Vivek Soni, a partner at EY, pointed out that 2025 could bring several uncertainties due to policy changes under the new US government. “Unveiled policies could significantly affect international trade flows, exports, currency movements, crude oil prices, and their cumulative impact on Indian macroeconomic conditions,” Soni said. He also highlighted slowing Indian consumption patterns and expressed hope for government interventions to address the issue.

Despite the challenges, the PE and VC industries remain “cautiously optimistic,” with expectations of ongoing market corrections reducing valuation gaps, potentially paving the way for deal closures.

The report highlighted a significant 54% increase in deal volumes, with 1,352 transactions completed in 2024. However, the average deal size declined compared to the previous year. A notable driver of this surge was a 254% increase in credit deals, with 310 transactions totaling US$ 10.8 billion.

In contrast, investments in infrastructure and real estate saw a marginal 3% decline, falling to US$ 20.9 billion from US$ 21.5 billion in 2023. However, this was offset by a 10% growth in pure-play PE investments, which rose to US$ 35 billion from US$ 31.9 billion in the previous year.

The year witnessed four billion-dollar deals, amounting to US$ 6.1 billion, compared to six deals worth US$ 9.6 billion in 2023. The largest deal of 2024 was Brookfield-sponsored Data Infrastructure Trust’s acquisition of ATC India Tower Corporation for US$ 2 billion.

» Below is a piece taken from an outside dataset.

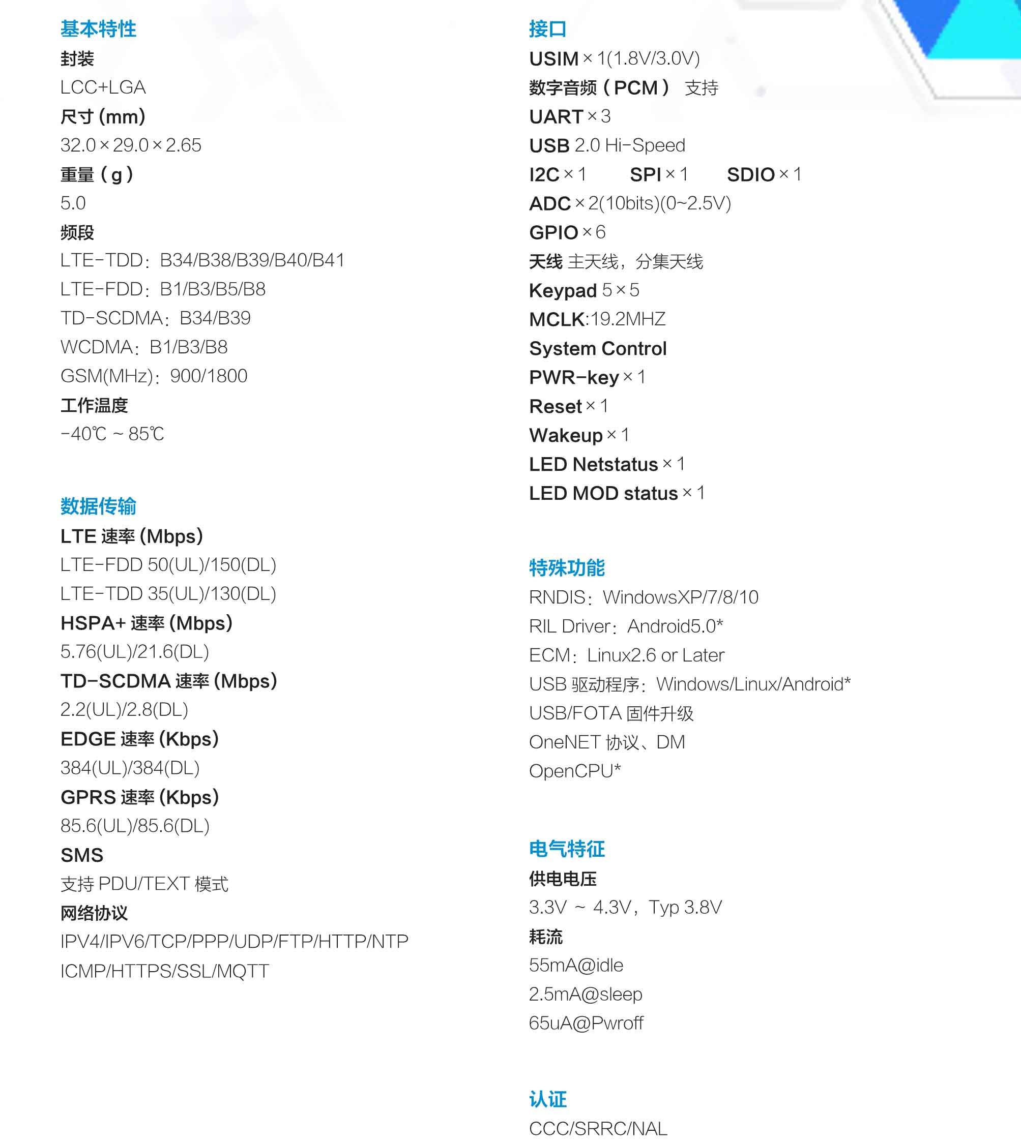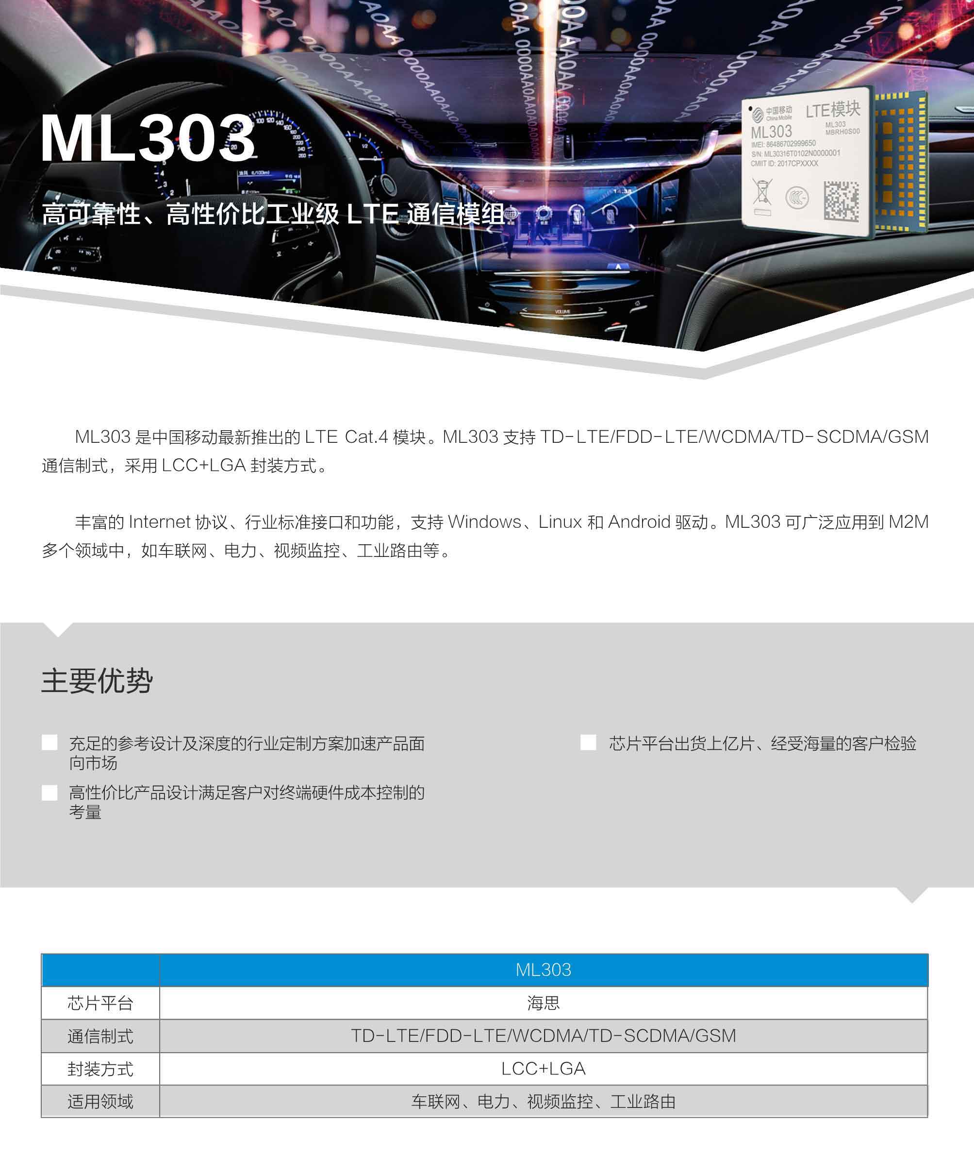 ML303 是中國移動最新推出的 LTE Cat.4 模塊。ML303 支持 TD- LTE/FDD- LTE/WCDMA/TD- SCDMA/GSM通信制式,采用 LCC+LGA 封裝方式。 豐富的 Internet 協議、行業標準接口和功能,支持 Windows、Linux 和 Android 驅動。ML303 可廣泛應用到 M2M多個領域中,如車聯網、電力、視頻監控、工業路由等。
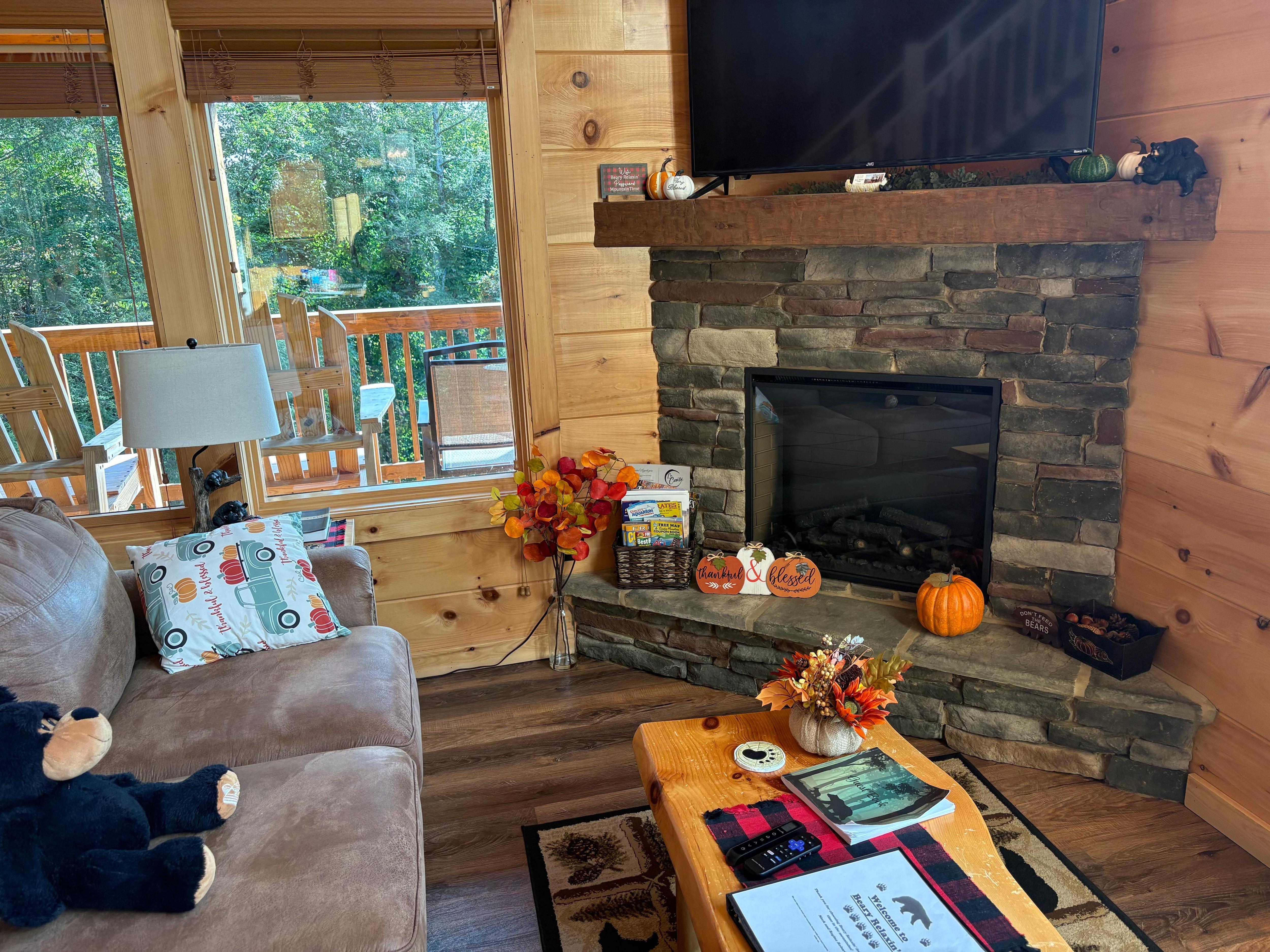 This 2 Bedroom 3 Bath Log Cabin features magnificent views, an open floor plan, cathedral ceilings, flat-screen TVs and a warm fireplace in the main living area. Enjoy amazing views from the main floor deck while relaxing in the swing or Adirondack chairs. Unwind in the 6 person hot tub after a day of hiking, exploring downtown or shopping! Enjoy a game of pool or play 1 of the 66 games on the arcade console game. The Two-story windows and rear deck windows offer spectacular views of the surrounding mountains and flood the house with natural light. We are in an excellent location that is only minutes to Gatlinburg and the National Park yet in a quiet cul-de-sac.

The IVCA-EY report underscores the challenges awaiting the investment ecosystem in 2025. Key uncertainties include global economic conditions, geopolitical factors, and policy changes that could influence trade and investment flows. Domestically, efforts to revive consumption and improve investor confidence will be critical.

Nevertheless, the growth in deal volumes and the resilience of pure-play PE investments indicate a strong foundation for the sector. With careful navigation of economic headwinds, the PE and VC industries are positioned to capitalize on emerging opportunities in India’s dynamic market.

As stakeholders brace for 2025, the focus will remain on mitigating risks, leveraging market corrections, and exploring new avenues for growth amid evolving global and domestic landscapes.